Pada bulan Juni 2014 ini, tepat 57 tahun setelah Slamet mendirikannya dengan teman-temannya, PMS mengadakan acara khusus, Sluman Slumun Slamet: 79 tahun Slamet Abdul Sjukur. Rangkaian acara ini digelar selama 15 -22 Juni 2014, di berbagai tempat—Wisma Jerman, Perpustakaan Bank Indonesia Surabaya, STKW (Sekolah Tinggi Kesenian Wilwatikta), dan C2O library & collabtive. Ada pementasan komposisi Slamet Abdul Sjukur, yang akan dimainkan oleh Ika Sri Wahyuningsih (soprano asal Yogyakarta), Ensamble Kyai Fatahillah (ensamble gamelan asal Bandung), Gema Swaratyagita (komponis dan pianis asal Surabaya), dan tentunya, Slamet Abdul Sjukur sendiri.
Ada ceramah sehari oleh Suka Hardjana, seorang musikolog Indonesia yang akan memberikan uraian mengenai pemikiran SAS. Ada juga sarasehan musik yang menghadirkan Iwan Gunawan (komponis), Gatot Sulistyanto (komponis), Hanafi (pelukis) dan Lini Natalini Widhiasi (pelukis).

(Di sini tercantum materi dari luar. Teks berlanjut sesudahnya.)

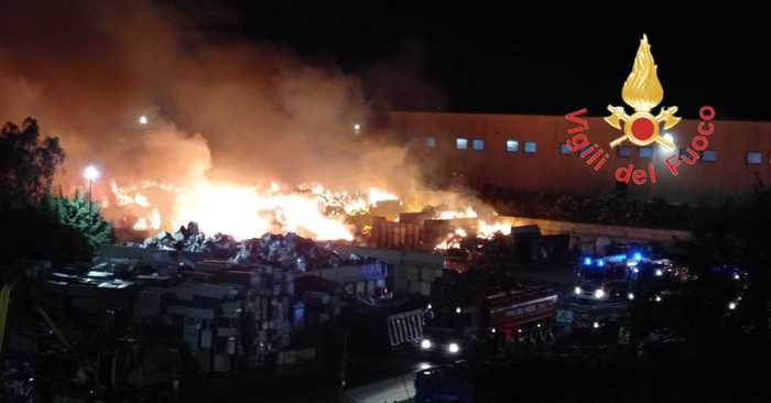 I vigili del fuoco di Reggio Calabria sono impegnati da 18 ore nello spegnimento di un incendio divampato nel piazzale di una ditta di stoccaggio e smaltimento di rifiuti ingombranti Raee (rifiuti di apparecchiature elettriche ed elettroniche) e materiali in plastica di vario genere, a Campo Calabro. Il rogo è divampato ieri dopo le 14 ed ha interessato numerosi cumuli di rifiuti posti all’esterno dei capannoni. Disagi sono stati provocati dal fumo denso e acre sviluppatosi dalla combustione ma non sono segnalati danni a persone. Le operazioni di spegnimento sono andate avanti per tutta la notte, complicate dal forte vento che ha alimentato le fiamme. Adesso sono in corso le operazioni di smassamento che proseguiranno sino alla completa estinzione dell’incendio.

Di samping pementasan dan diskusi, akan diluncurkan pula, buku kumpulan esai Sluman Slumun Slamet yang disunting oleh Erie Setiawan, editor Art Music Today. Diakhiri dengan kuliah mengenai kritik musik dalam jurnalisme musik oleh Suka Hardjana.
Sebelum acara utama dilangsungkan pada 20-21 Juni, Pertemuan Musik Surabaya akan menggelar Donasi Sore pada 15-16 Juni, untuk menggalang dana penyelenggaraan rangakaian acara ini. Begitulah, dengan line-up acara yang luar biasa ini pun, rupa-rupanya penyelenggaraan tetap dilakukan dengan sistem swadaya dan pertemanan nan sluman slumun. Kegiatan yang ditawarkan dalam penggalangan dana ini pun cukup memancing rasa penasaran: Lelang koleksi pribadi Slamet Sjukur, seperti partitur dan instrumennya. Juga KUKIKO, kursus komposisi kilat, dari Slamet sendiri, yang akan membuat kita sadar, betapa kayanya potensi musik dari bunyi di sekitar kita. Mulai dari bunyi kibasan ketiak, suara sengau saat pilek, hingga kesunyian. Mari hadir, menyaksikan dan mendengar pemikiran dan karya Slamet, yang laksana siluman yang elusif, tak akan pernah dapat cukup dijelaskan, dan tak akan pernah membosankan.